═════ Data provided ═════

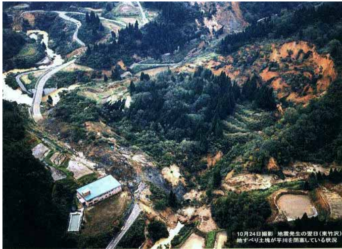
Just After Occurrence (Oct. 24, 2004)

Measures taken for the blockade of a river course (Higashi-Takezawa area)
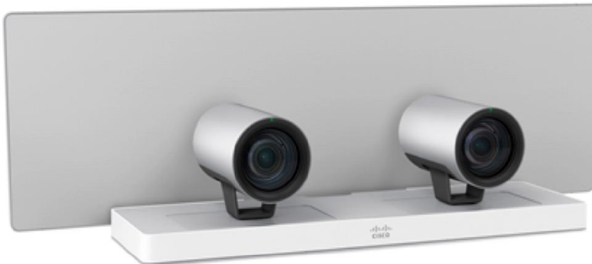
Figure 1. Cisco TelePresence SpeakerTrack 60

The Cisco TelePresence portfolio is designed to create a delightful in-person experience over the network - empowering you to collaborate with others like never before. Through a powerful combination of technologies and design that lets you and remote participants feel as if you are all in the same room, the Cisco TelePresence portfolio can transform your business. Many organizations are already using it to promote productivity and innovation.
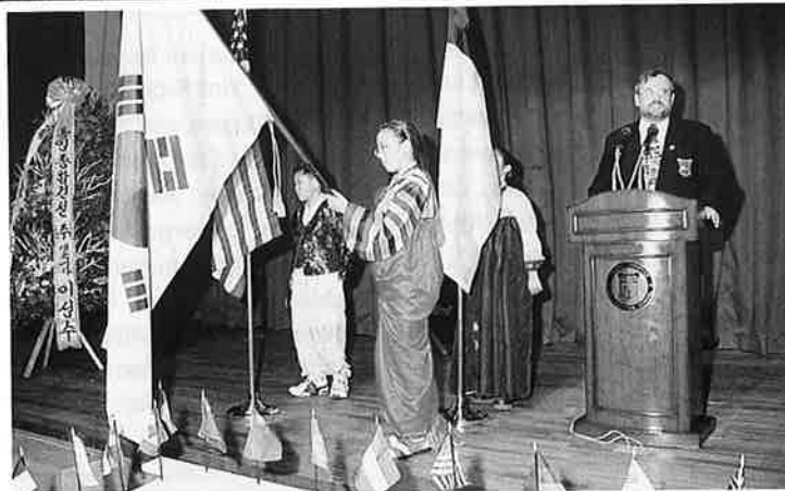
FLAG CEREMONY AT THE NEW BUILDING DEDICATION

═════
═════ Data provided ═════

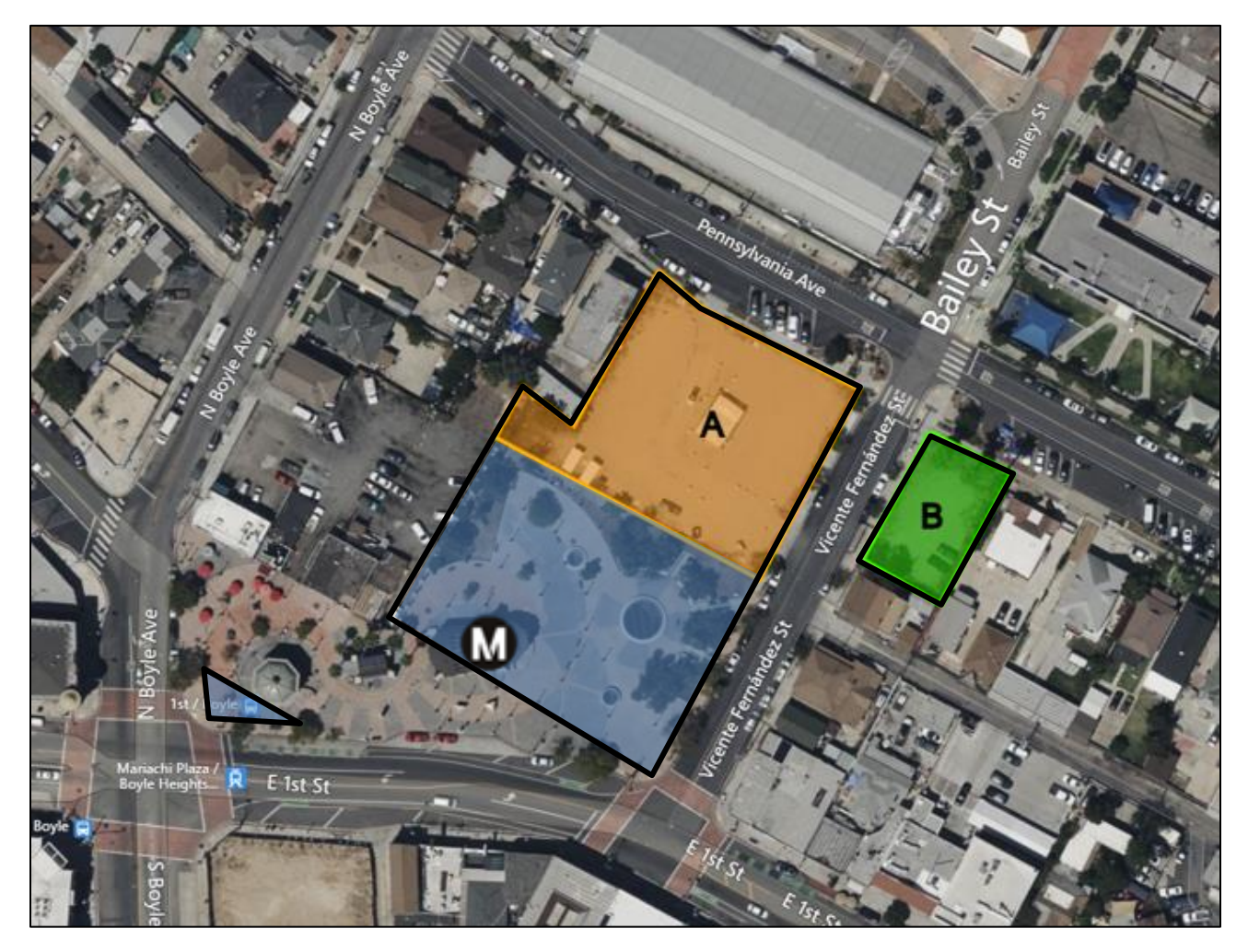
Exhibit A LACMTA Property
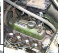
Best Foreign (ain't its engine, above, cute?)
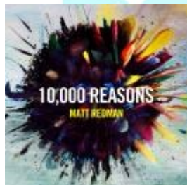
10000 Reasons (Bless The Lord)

═════

__How to complete this task__. Extract from the material all lines containing the string "TelePresence".

__Output of the task__.
Figure 1. Cisco TelePresence SpeakerTrack 60
The Cisco TelePresence portfolio is designed to create a delightful in-person experience over the network - empowering you to collaborate with others like never before. Through a powerful combination of technologies and design that lets you and remote participants feel as if you are all in the same room, the Cisco TelePresence portfolio can transform your business. Many organizations are already using it to promote productivity and innovation.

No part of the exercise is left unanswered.